» **EXERCISE REQUIREMENTS**
In the entries below, find the line containing "- >【エロ漫画】自分に自信" and the line containing "Kolaborasi ini memperkenalkan". Copy those two lines and everything between them exactly, without the pictures.
**** DATA SHOWN
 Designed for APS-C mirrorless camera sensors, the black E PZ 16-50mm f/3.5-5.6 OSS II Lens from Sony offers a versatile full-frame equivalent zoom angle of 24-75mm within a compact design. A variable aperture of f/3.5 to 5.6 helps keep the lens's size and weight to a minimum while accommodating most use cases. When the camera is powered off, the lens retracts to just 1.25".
********
**** DATA SHOWN
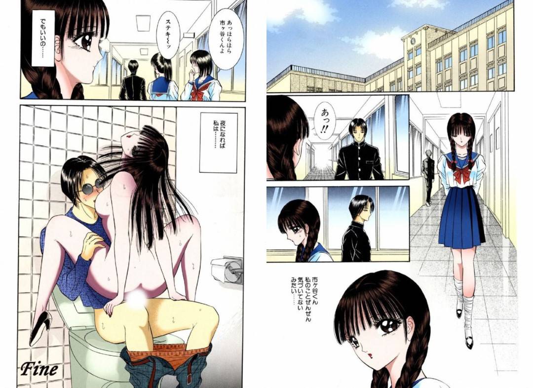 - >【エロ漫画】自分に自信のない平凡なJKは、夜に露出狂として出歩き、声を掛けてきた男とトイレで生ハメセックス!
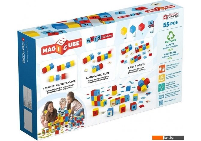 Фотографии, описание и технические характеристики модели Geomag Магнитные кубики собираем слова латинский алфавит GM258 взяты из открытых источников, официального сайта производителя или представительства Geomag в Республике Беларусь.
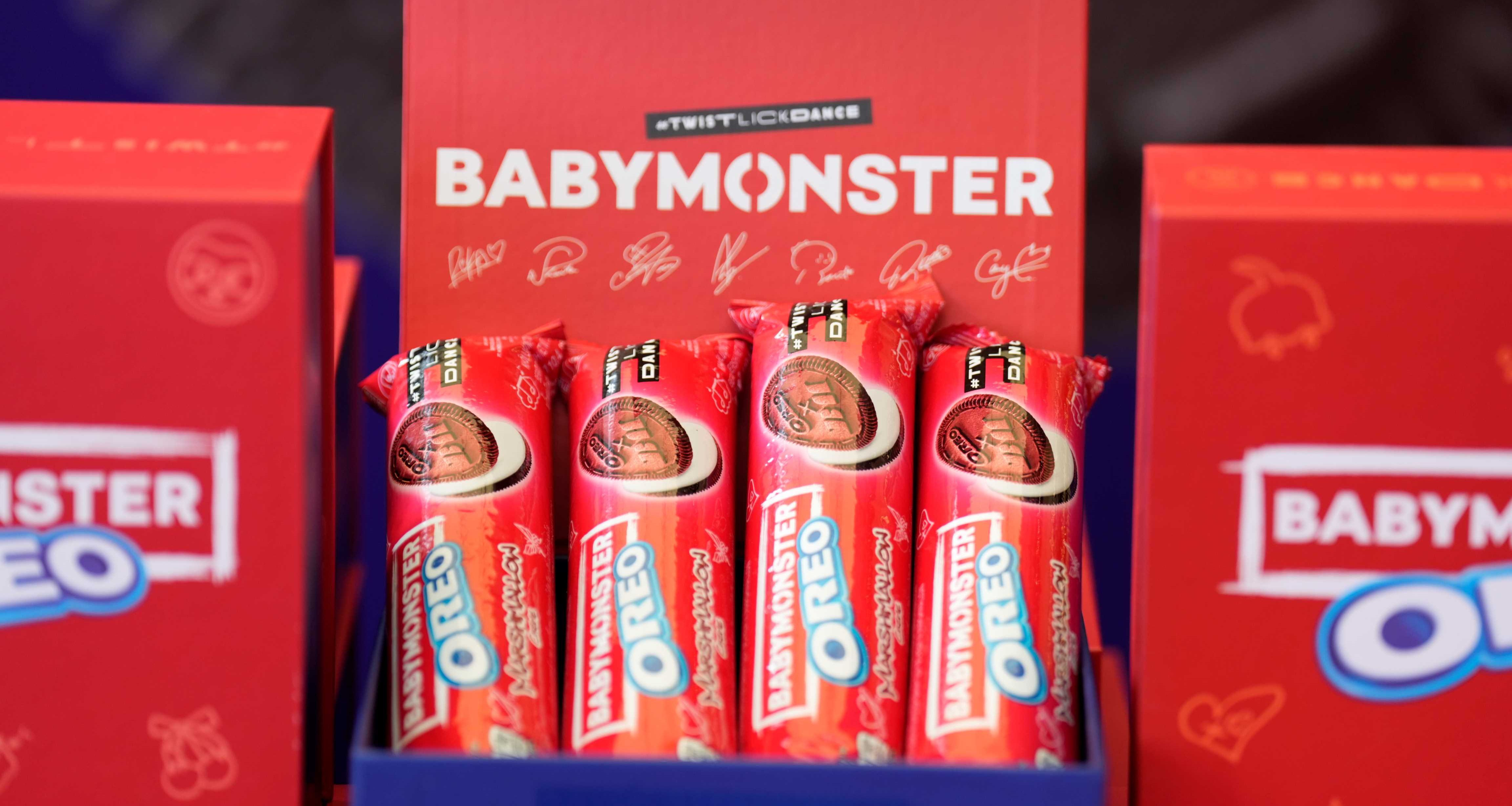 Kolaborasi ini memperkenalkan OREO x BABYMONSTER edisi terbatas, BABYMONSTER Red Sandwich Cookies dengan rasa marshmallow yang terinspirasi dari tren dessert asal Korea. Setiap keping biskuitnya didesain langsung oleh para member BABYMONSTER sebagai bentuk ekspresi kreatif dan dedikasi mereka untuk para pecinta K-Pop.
********
» **REPLY**
 - >【エロ漫画】自分に自信のない平凡なJKは、夜に露出狂として出歩き、声を掛けてきた男とトイレで生ハメセックス!
 Фотографии, описание и технические характеристики модели Geomag Магнитные кубики собираем слова латинский алфавит GM258 взяты из открытых источников, официального сайта производителя или представительства Geomag в Республике Беларусь.
 Kolaborasi ini memperkenalkan OREO x BABYMONSTER edisi terbatas, BABYMONSTER Red Sandwich Cookies dengan rasa marshmallow yang terinspirasi dari tren dessert asal Korea. Setiap keping biskuitnya didesain langsung oleh para member BABYMONSTER sebagai bentuk ekspresi kreatif dan dedikasi mereka untuk para pecinta K-Pop.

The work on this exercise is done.